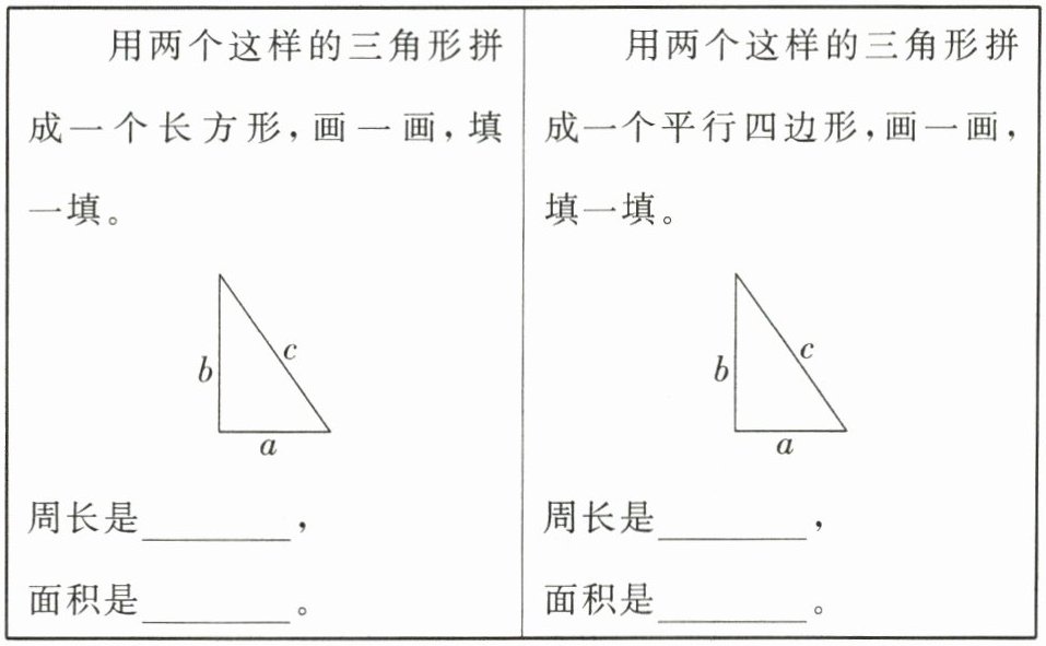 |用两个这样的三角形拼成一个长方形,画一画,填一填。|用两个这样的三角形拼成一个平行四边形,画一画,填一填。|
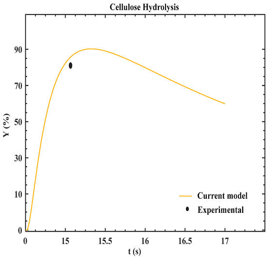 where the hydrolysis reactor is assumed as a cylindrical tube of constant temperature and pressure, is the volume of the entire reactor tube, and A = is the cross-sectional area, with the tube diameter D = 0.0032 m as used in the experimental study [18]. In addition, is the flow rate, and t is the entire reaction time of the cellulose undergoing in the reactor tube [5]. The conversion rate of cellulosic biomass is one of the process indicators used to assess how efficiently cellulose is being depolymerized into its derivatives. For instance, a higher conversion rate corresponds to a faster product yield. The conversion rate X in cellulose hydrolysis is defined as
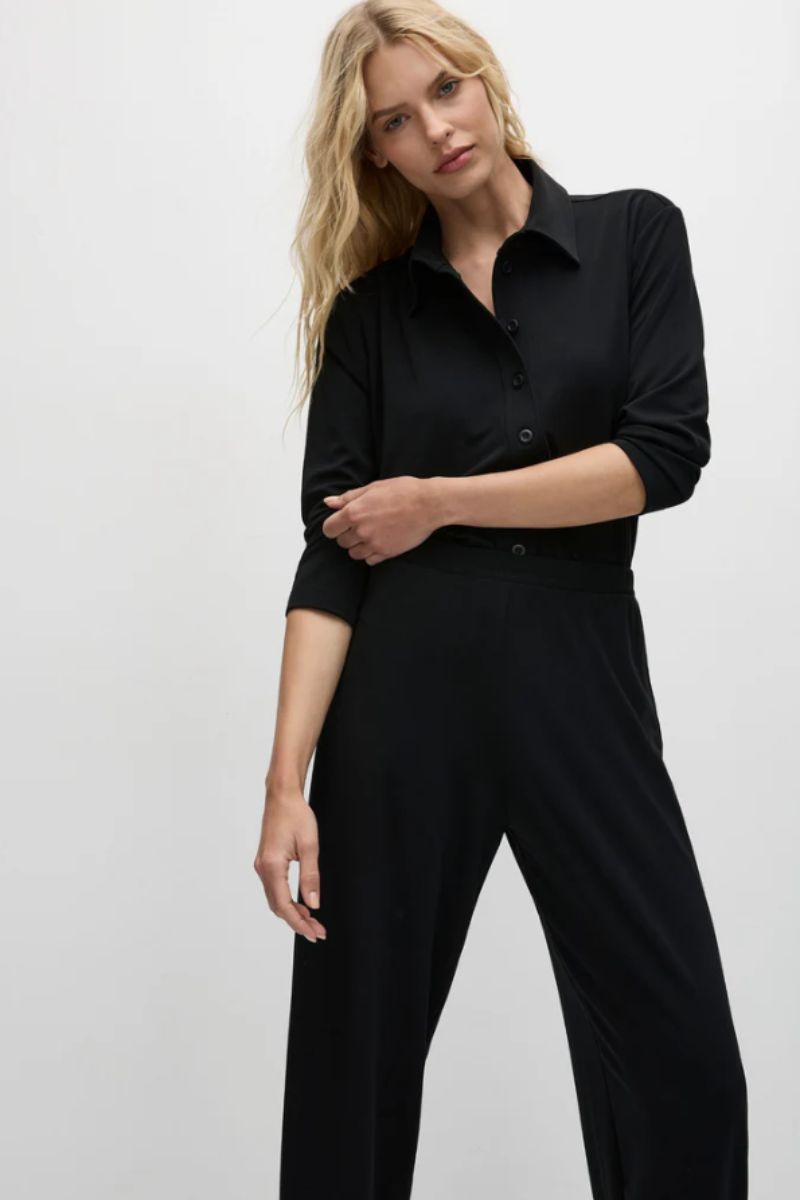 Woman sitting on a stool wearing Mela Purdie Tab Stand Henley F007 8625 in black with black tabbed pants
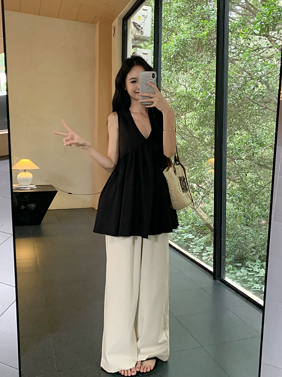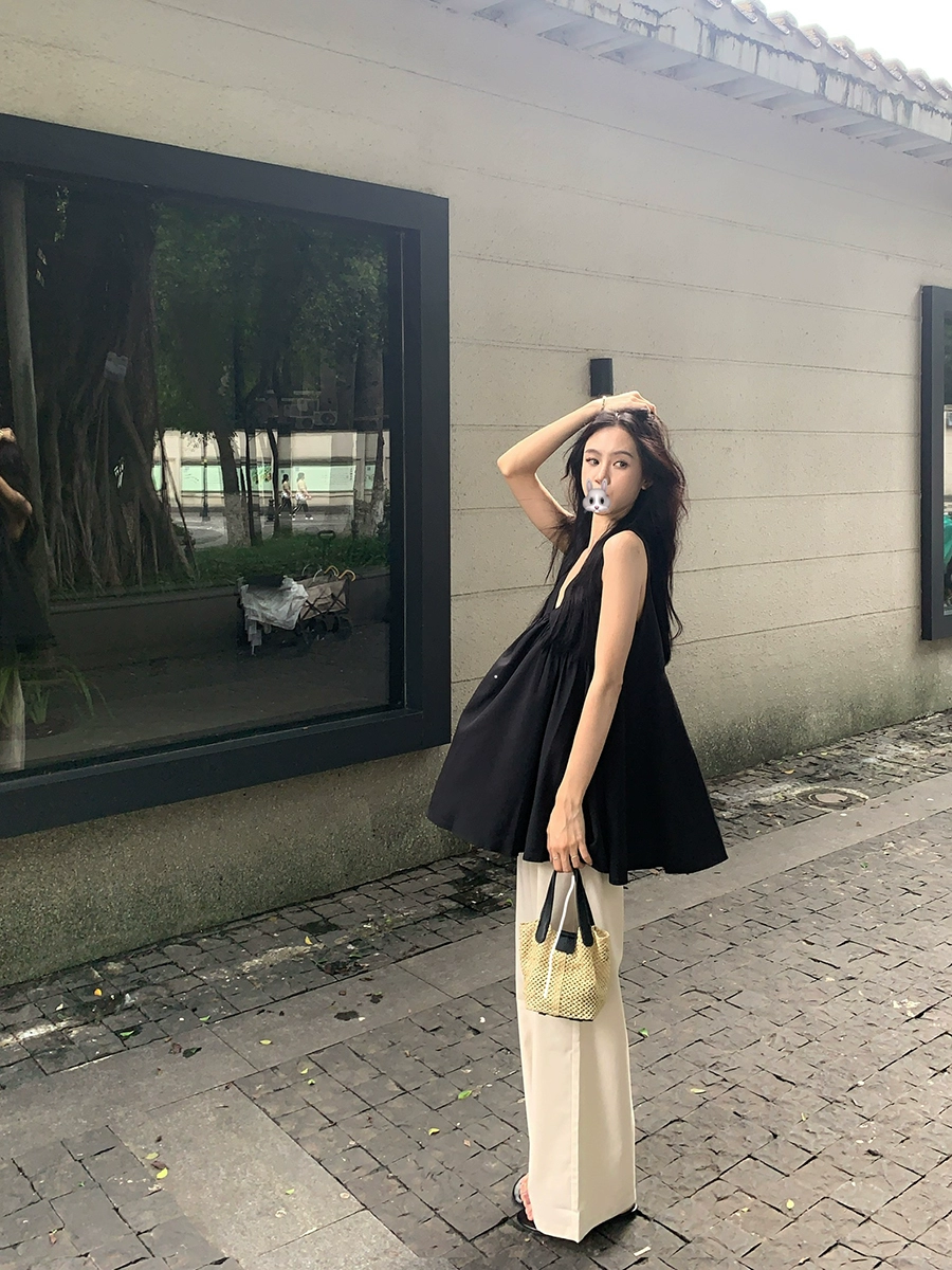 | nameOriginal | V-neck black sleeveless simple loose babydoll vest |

────

Directions for this task
Write out exactly, with no pictures, each line from the one containing "Woman sitting on" through the last line of the listing above, both included.

Answer below
 Woman sitting on a stool wearing Mela Purdie Tab Stand Henley F007 8625 in black with black tabbed pants
 | nameOriginal | V-neck black sleeveless simple loose babydoll vest |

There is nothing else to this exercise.